素人同士の約束で移植手術が成り立つとも思えない。
多分、法律やら何やらが邪魔をするだろうとも思った。
大体、臓器を提供するつもりもない。
「他を探せよ」
あっさりと断った。
「要らないところ、ないの?」
小首をかしげて音亜と名乗った少女が訊いてくる。
「ない」
キッパリと言い切る。本当に要らないところなどない。明彦にとって身体は必要なところばかりだ。
「ほんとに、ない?」
「しつこいな。ない。いい加減にしないと人を呼ぶぞ」
他校の生徒らしい二人だ。こう言えば出て行くと思った。
双子は顔を見合わせ、お互いに首をかしげている。片方は不思議そうに、片方は無表情に。
同じ顔の、対照的な双子。
「ないみたいね、おねえちゃん」
「ないみたいね、音亜」
「じゃあ、違うのかな」
「じゃあ、違うみたいね」
頷きあって、双子は明彦を見た。
「違うみたいだから、ばいばい」
にこやかに、音亜は言い、
「ばいばい」
無表情に優亜が言い、強い風が吹いた。思わず目を閉じ、次に明彦が目を開けたときには、双子の姿は彼の視界内のどこにもない。
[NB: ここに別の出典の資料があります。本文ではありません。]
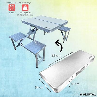 Campingtisch Alu Alutisch im Koffer Bierzeltgarnitur Alusitzgarnitur Tisch mit 4 integrierten Sitzplätzen – ideal auf Reisen Camping Garten
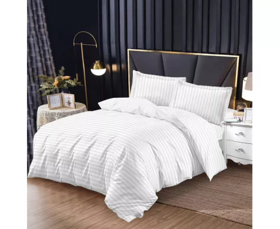 Lenjerie de Pat Dublu Bumbac Damasc 4 Piese cu Elastic, Alb - SIPRA3-16
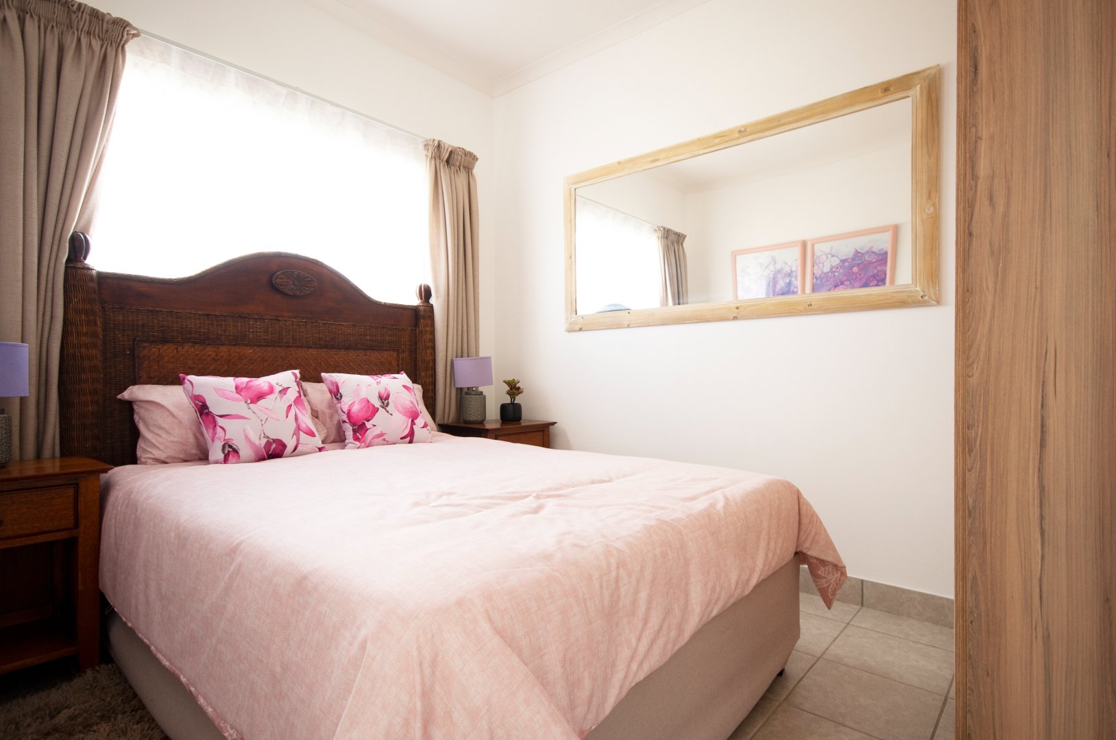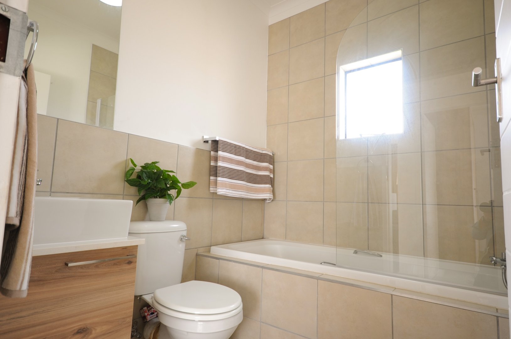 This apartment offers 2 bedrooms with built-in cupboards, big enough for a double bed and bedside tables. It features a shared full bathroom with modern finishes. Nature-filled activities are just around the corner.

走り去ったにしてはいなくなるのが早すぎる。どこかに隠れでもしたのか。
べつにどうでもいいか。わけの分からない双子に付き合っているヒマなどない。ただでさえ奴に付きまとわれて迷惑しているのに。
明彦は弁当のふたを開けた。のんびりしていては昼休みに予習する時間がなくなってしまう……。